April 22, 2011
Firearms Industry Responds to Mexico’s Threats of Litigation
This week a Mexican official confirmed that President Felipe Calderon’s government has hired U.S. trial lawyers to investigate possible litigation against U.S. gun manufacturers and firearms retailers, seeking to hold these lawful companies responsible for the criminal misuse of firearms in Mexico. Though the Protection of Lawful Commerce in Arms Act, signed into law in 2005 by then President George W. Bush, prevents such frivolous lawsuits, the mere threat demands a response.
The National Shooting Sports Foundation (NSSF), the trade association for the firearms industry, respects the work of President Calderon to willingly take on his country’s powerful drug cartels; however, we are disappointed that he would seek to hold law-abiding American companies responsible for crime in Mexico. This is especially troubling given investigative reports that show more than 80 percent of the firearms recovered in Mexico do not come from the United States. The most recent of these reports, from the independent research group STRATFOR, determined that less than 12 percent of the guns Mexico seized in 2008 came from the United States.
Furthermore, according to the Bureau of Alcohol, Tobacco, Firearms and Explosives (ATF), firearms traced in Mexico were originally sold at retail not recently, but, on average, 14 years earlier. This is completely inconsistent with any notion that a flood of newly purchased firearms are being illegally smuggled over the border. And let’s not forget that no retail firearm sale can be made in the U.S. until after an FBI criminal background check of the purchaser has been completed.
Exacerbating misconceptions about the firearms used by Mexican drug cartels, even mainstream publications such as the Washington Post, repeat erroneous information. For example, in today’s editorial the paper stated that Mexican drug cartels are “snapping up the military-style machine guns available in U.S. gun shops.” The fact is that machine guns are heavily regulated and virtually never sold at retail in the United States.
Still, in response to concerns over the violence in Mexico, ATF conducted more than 2,000 inspections of firearms dealers along the border. The result? Not a single dealer was charged with committing any crime and only two (or 0.01%) had their licenses revoked for unknown reasons that could have nothing to do with the cartels illegally obtaining firearms from retailers in the United States.
While these ATF inspections were clearing the law-abiding retailers’ good names, which were being smeared by many in the mainstream press and anti-gun officials in both the United States and Mexico, as many as 150,000 Mexican soldiers defected to work for the drug cartels, bringing their American-made service-issued firearms with them.
Perhaps the Mexican government should seek to file suit against their military personnel actively engaged in such illegal conduct.

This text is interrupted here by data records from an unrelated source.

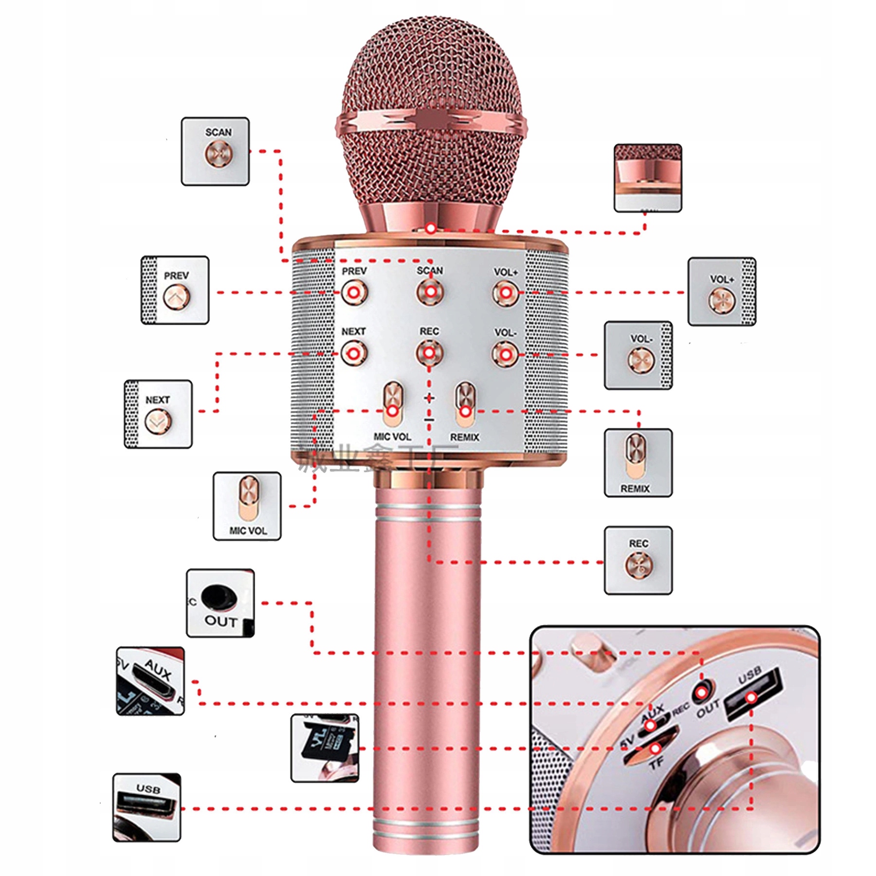 БЕСПРОВОДНОЙ КАРАОКЕ-МИКРОФОН BLUETOOTH ДИНАМИК РОЗОВЫЙ ИДЕАЛЬНЫЙ ПОДАРОК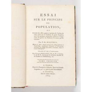 MALTHUS (Thomas). Essai sur le principe de population. Paris, Genève, J. J. Paschoud, 1809. 3 …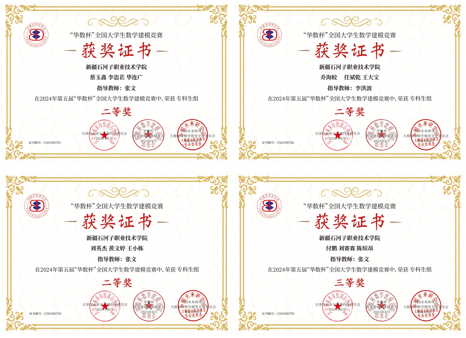 (刘杰 报道)近日,2024年第五届“华数杯”全国大学生数学建模竞赛获奖名单正式发布,我校机械电气工程学院4支参赛队斩获佳绩,喜获全国二等奖3项、三等奖1项。此次竞赛于2024年8月4日至7日在线上举行,吸引了来自全国724所高校的4129支队伍参与,竞争异常激烈。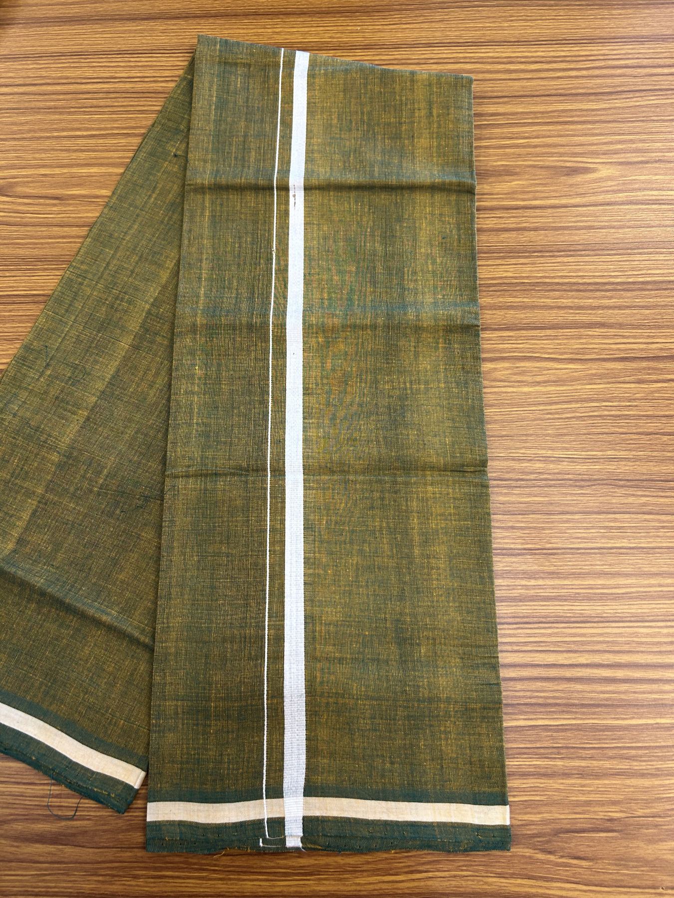 Kerala Handloom Single Hallmarked - 10% Discount !! KaithariKada 100% Pure Cotton - Mundu/Dhoti Orange Green Body - 1.5 cm White Kara - (2 meter / 4 muzham) - 53 KK8048 ELA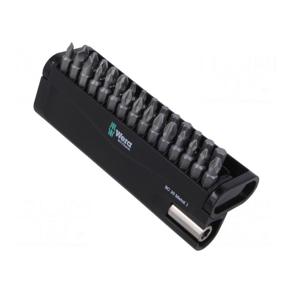 Zestaw zawiera 30 elementów, w tym końcówki wkrętakowe o różnych rodzajach grotów: imbus Hex-Plus, Phillips, płaski, Pozidriv oraz Torx. Narzędzia posiadają standardowy uchwyt C6,3mm (1/4") i cechują się długością całkowitą wynoszącą 25mm.
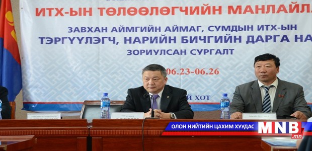 УИХ-ын дарга З.Энхболд сургалтыг нээж хэлсэн үгэндээ, 2012 оноос хойш НҮБ-тай ярилцаж, ИТХ-ын төлөөлөгчдийг чадавхжуулах ажлыг эхлүүлсэн. Энэхүү төслийн хүрээнд www.khural.mn цахим хуудас ажиллаж эхэлсэн. Цаашид УИХ-ын Тамгын газрынхан, НҮБ-ын сургагч багш нар аймаг сумдад хичээл заахаас гадна та бүхэн өөрсдөө алдаа оноогоо хэлэлцэж, төвлөрлийг сааруулах, орон нутгийн төлөөллийн болон хяналтын чиг үүргээ биелүүлэхэд онцгой анхаарч ажиллах хэрэгтэй. Цаашид шинэ төлөөлөгчид сонгогдон орж ирэхэд та бүхэн тэднийг сургах чадавхийг эзэмших нь чухал. Хүрэх гэж буй үр дүн бол үндэсний сургалтын механизмыг бий болгох юм. Та бүхэн сайн туршлагыг улс даяар дэлгэрүүлэх гэх мэт амьд ажлууд хийх хэрэгтэй. Бүх шатны түвшний ИТХ-ынхны өмнө шийдвэр гаргахад бүх нийтийн оролцоог нэмэгдүүлэх ажил нэн чухал. Иймээс сумандаа хийх ажлуудыг заавал тухайн суманд амьдарч буй иргэдээс санал авах ёстой.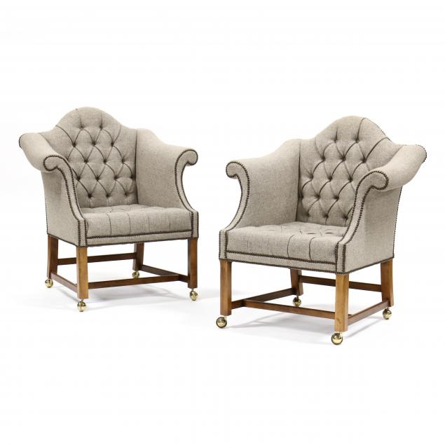 Late 20th century, grey tufted over upholstered frames with rolled arms, shaped back with tufted front and seat, with brass nail head trim on cherry legs with stretcher base and casters, labeled.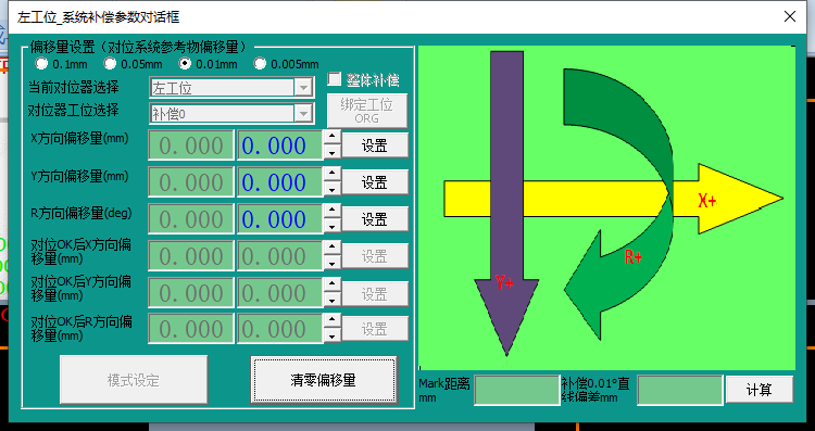 根據(jù)補(bǔ)償方向圖示,在右側(cè)對(duì)應(yīng)的方向補(bǔ)償寫入補(bǔ)償數(shù)值后,點(diǎn)擊“設(shè)置”累加到左側(cè)的總補(bǔ)償參數(shù)中。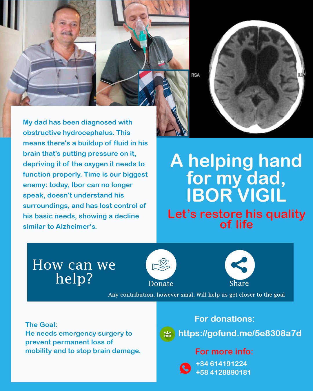 Mi papi ha sido diagnosticado con Hidrocefalia Obstructiva. Esta condición provoca una acumulación de líquido en su cerebro que impide que el oxígeno llegue correctamente a sus neuronas. Debido a esto, su salud se ha deteriorado de forma alarmante y acelerada. Para nuestra familia es doloroso ver cómo la enfermedad le está robando su esencia.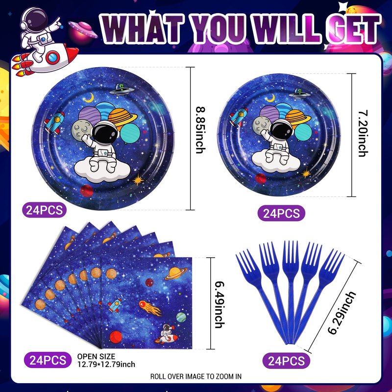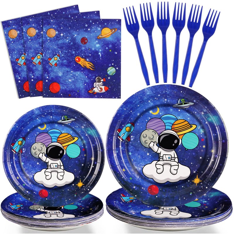 - Space Party Supplies Kit Serves for 24 Guests- Galaxy Themed Party Decoration is designed with astronaut, space planet and shooting stars, party tableware set includes 24 9" party paper plates, 24 7" plates, 24 6.5" space napkin and 24 plastic blue forks, Make sure you have enough for any solar system party favors or event.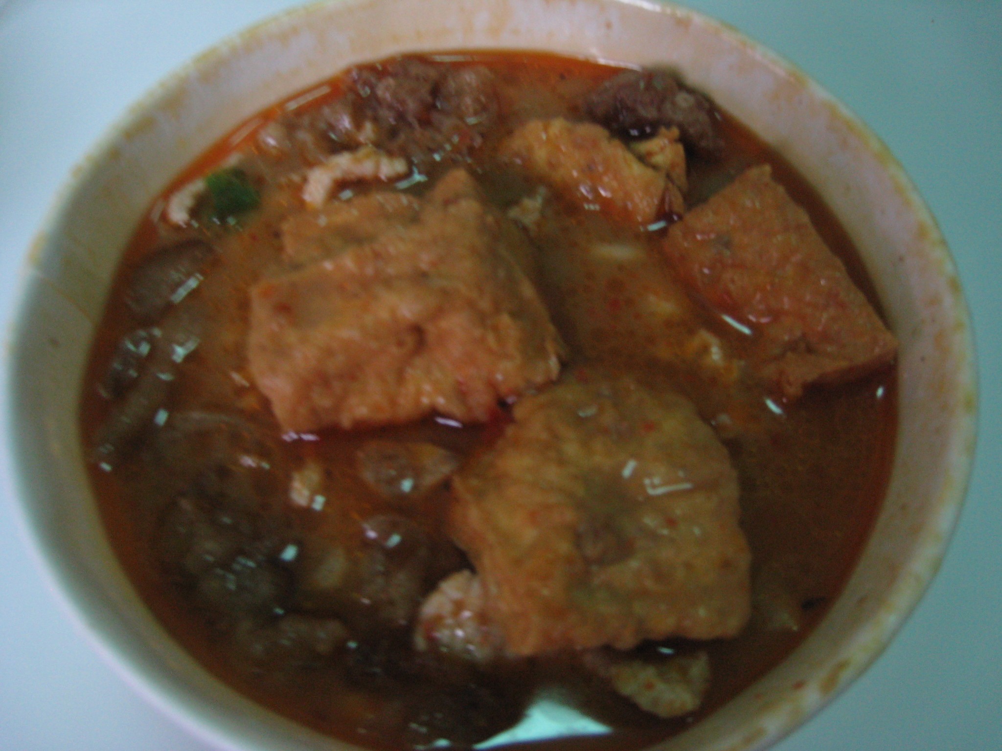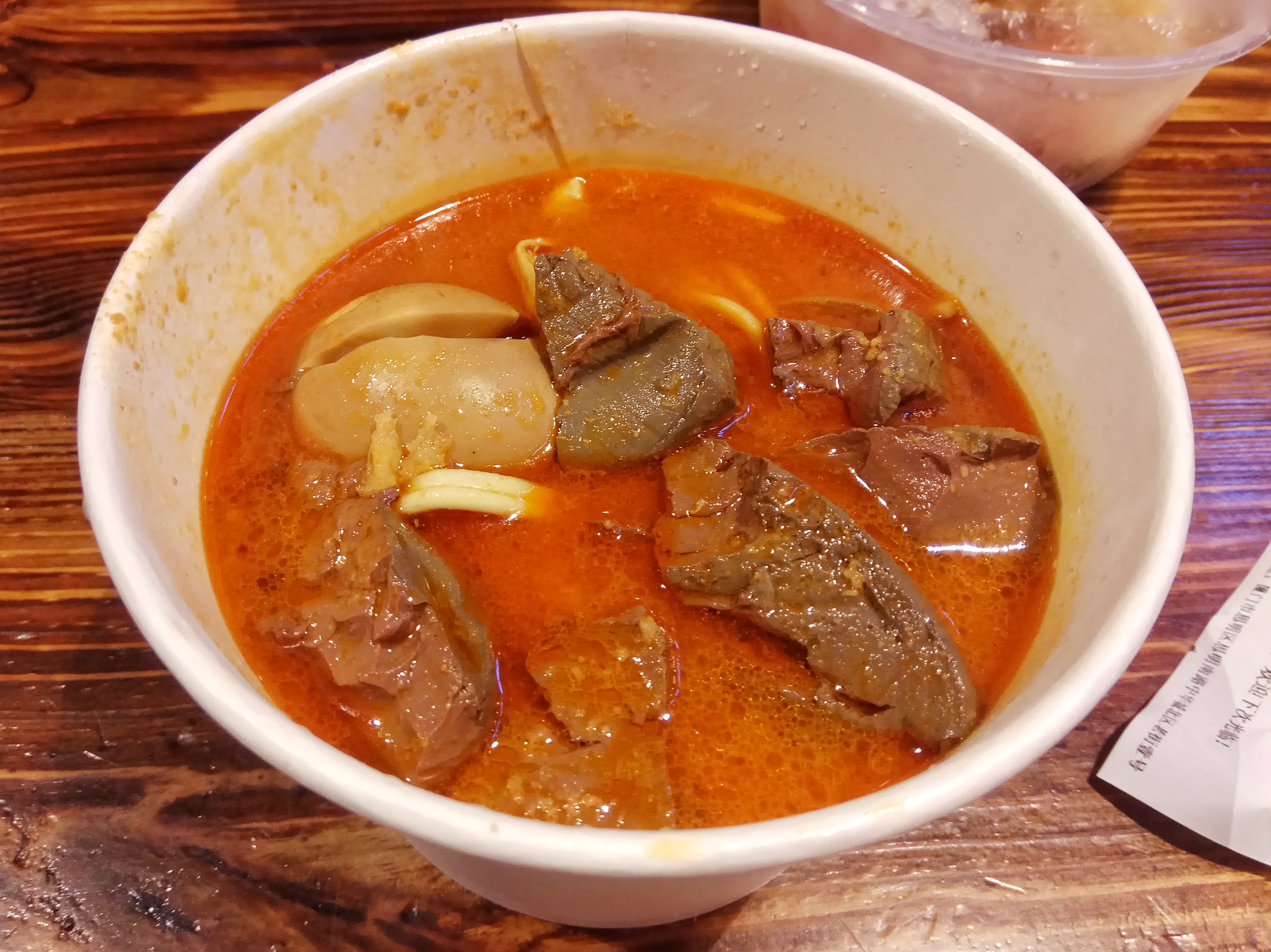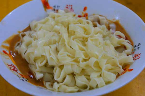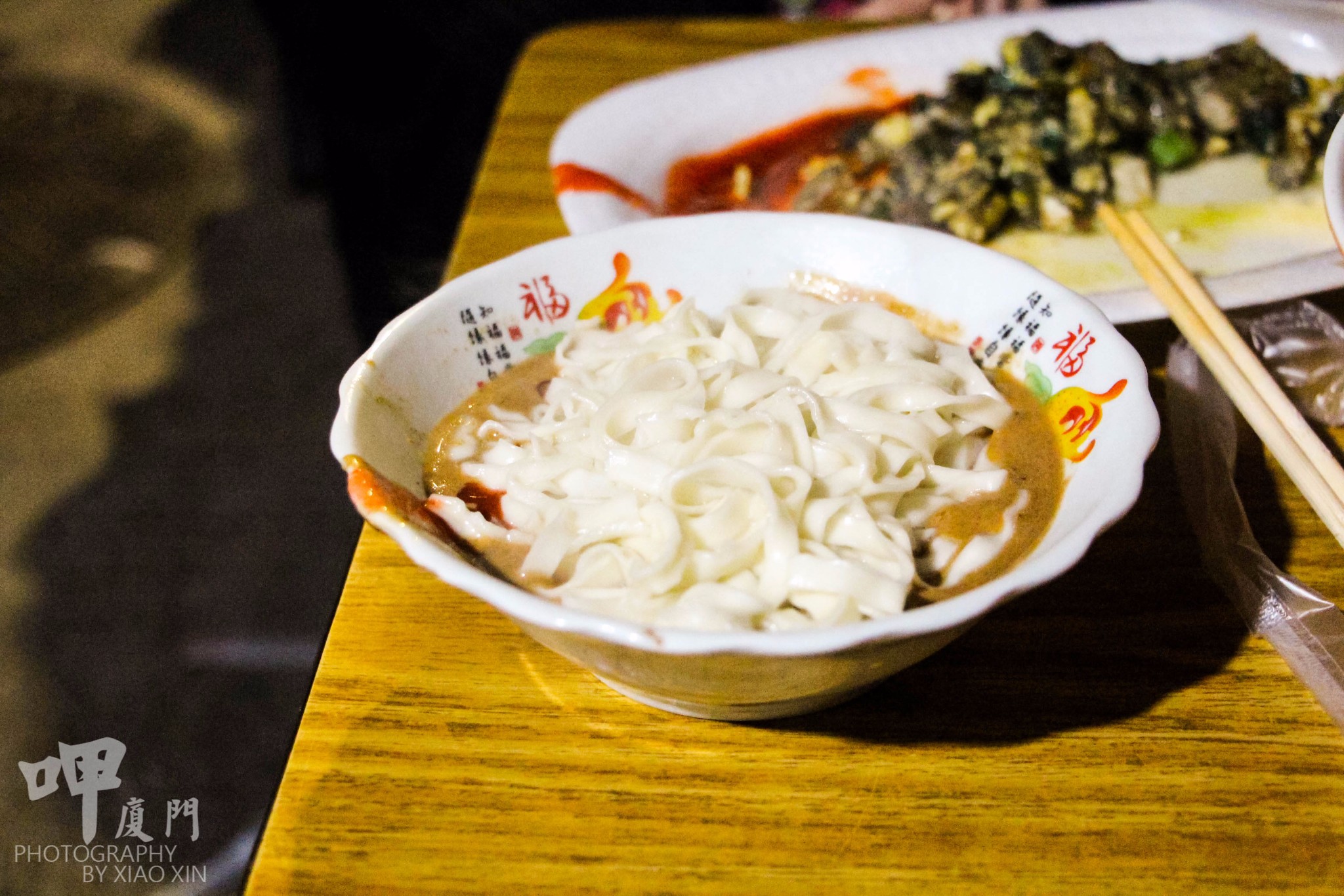 端上桌来第一感觉是汤头浓厚,和山东吃的打卤面不同,和本帮苏帮的面也不同,用沙茶酱调制呈现橙黄色,喝一口有浓浓花生酱的味道,偏甜,还有些吃不惯,不过很香。

Members of the firearms industry take seriously the criminal acquisition and misuse of their products. This is why our industry has for more than a decade partnered with the ATF in a national campaign to make the public aware that it is a serious crime to straw purchase a firearm. The program, called Don’t Lie for the Other Guy, is now funded completely by members of the firearms industry and also helps ATF to educate firearms retailers – whom ATF considers the first line of defense – to better detect and prevent illegal straw purchases.
The firearms industry is one of America’s oldest and most-storied entities. We played a prominent role in America’s westward expansion, continue to serve as the Arsenal for Democracy and support the conservation of America’s wildlife and great outdoors. We are also one of the most regulated industries in the world. From production to distribution, distribution to sale, everything we as an industry do is overseen by the United States government.
Again, we applaud President Calderon for taking steps to stop the cartels when past Mexican administrations paid only lip service and allowed rampant corruption to fester. Still, it is wrong for anyone to blame America’s firearms industry for the problems Mexico is currently facing.